Well, obviously we'll have to do something about that "differing opinions" stuff here. Can't have any of that. Thanks for pointing it out; the management will take care of it.
And now a question for you; what do you think about the legions of women that have decided that, well, yes they'd prefer to give up their careers because they consider raising their children job Numero Uno? Since we've been 3 decades into the sexual revolution now, many women have decided that they can't have it all, at least not in any meaningful sense. Is there something wrong with them?
Life is hard, and the world is cruel
Sorry, to all you childless bachelors out there, but my loyalty lies 110% to my son and family not to you or anybody else outside my family, I already have precious little time with him as is, I don't care if you or management or *anyone else* thinks I'm a team player or not, truly. I do my contracted work, take my pay then I'm outta there.
It does go both ways as well. People without kids bitch that people with kids leave when their child is sick (you know, to be *parents*) or whatever, but then people without kids want to work their lives away, then expect us to as well? Sorry if your to spineless to stand up to your boss that's YOUR problem, no one elses. Otherwise you enjoy doing it, and well if you expect me to work late and have my boy miss out on seeing his old man before bed because you have nothing better to do than work for an extra few hours you can fuck right off.
The worst thing here, is that the 90% of people complaining about "people with kids" statistically, in a a few years when they grow up will BE "people with kids". Then will understand, not through a selfish hypocritical flip-flop, but because when that little tacker comes along you have *no choice* as your brain changes and with it your priorities, whether you like it or not.
And we *people with kids* were all just like you once, I even used to bitch about *people with kids*, just like you.

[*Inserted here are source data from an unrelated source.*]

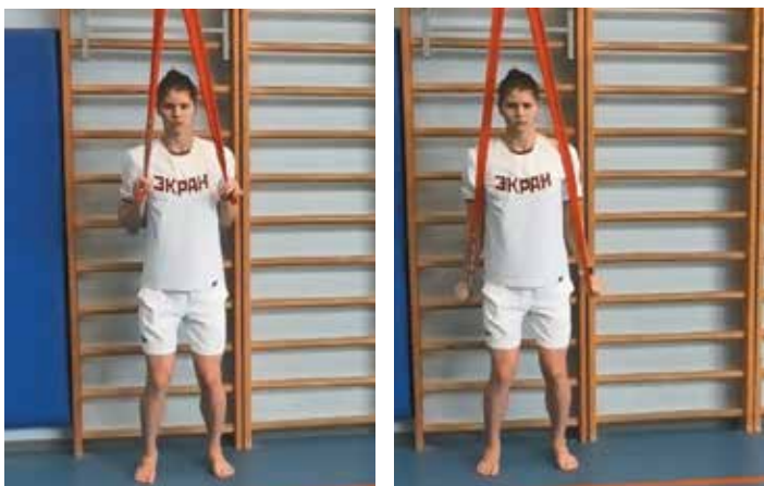
6. Одновременное разгибание рук стоя (фото 6)

После выполнения силового упражнения без отдыха проплыть в координации задание «на гребки» в объеме 2–3 мин. (3 x 50 м. P23–24, инт. 15–20 с., 25 м!!! + 25 м «закупка») на пульсе 23–24 уд./10 с. Общее время тренировочного задания 2–3 мин. Отдых 1 мин.
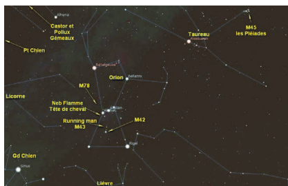
Image tirée de Stellarium un logiciel gratuit

Plus largement, elle est constituée de 7 étoiles très brillantes (en plus des 3 déjà citées) nous trouvons : Saiph, Bételgeuse, Rigel et une que les fans d'Harry Potter reconnaîtront vite: Bellatrix .
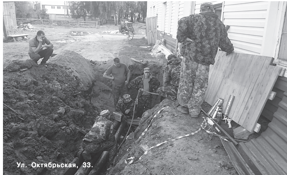
Ул. Октябрьская, 33.

развитию коммунальной инфраструктуры коммунальщики выполнили капитальный ремонт участков на теплотрассе по улицам Советской и Парковой.
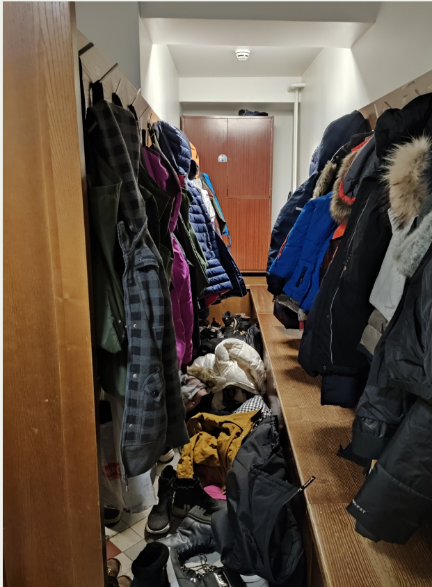
Ise tehtud pildid

Ironically all the people without kids bitching here will then bitch about how people don't, you know, "be a parent" to their kids in the multitude of other stories regarding kids. Well I'll tell ya it's a little hard when you all expect us to forget about them for 8-12 hours a day and see them awake for twenty minutes, because we know how much your going to cry because you choose to marry your job/company and we treat it like a means to an end and leave on time.
So much juvenile idiocy in this thread.
So they can have a standard of living that isn't hand-to-mouth? It's really fucking hard to make ends meet at a level that doesn't feel suspiciously like poverty or society-dropout-cult-membership without both spouses working.
There's also both spouses who have paid dearly for post-secondary education and want to put it to use so that they add some meaning and value to their life outside of childcare and homemaking.
I know a lot of people, usually women but some men too, who would love a part-time job that would enable them to do a lot more childcare, but we have a labor market that is quite hostile to part-time employment at meaningful wages.
I don't know where the idea came from that having children was some bad economic choice made by self-absorbed assholes who want to suck up more resources at the expense of all the "smart" people who decided that children were a bad idea. But clearly its seen that way by many people, and the labor market largely reinforces this.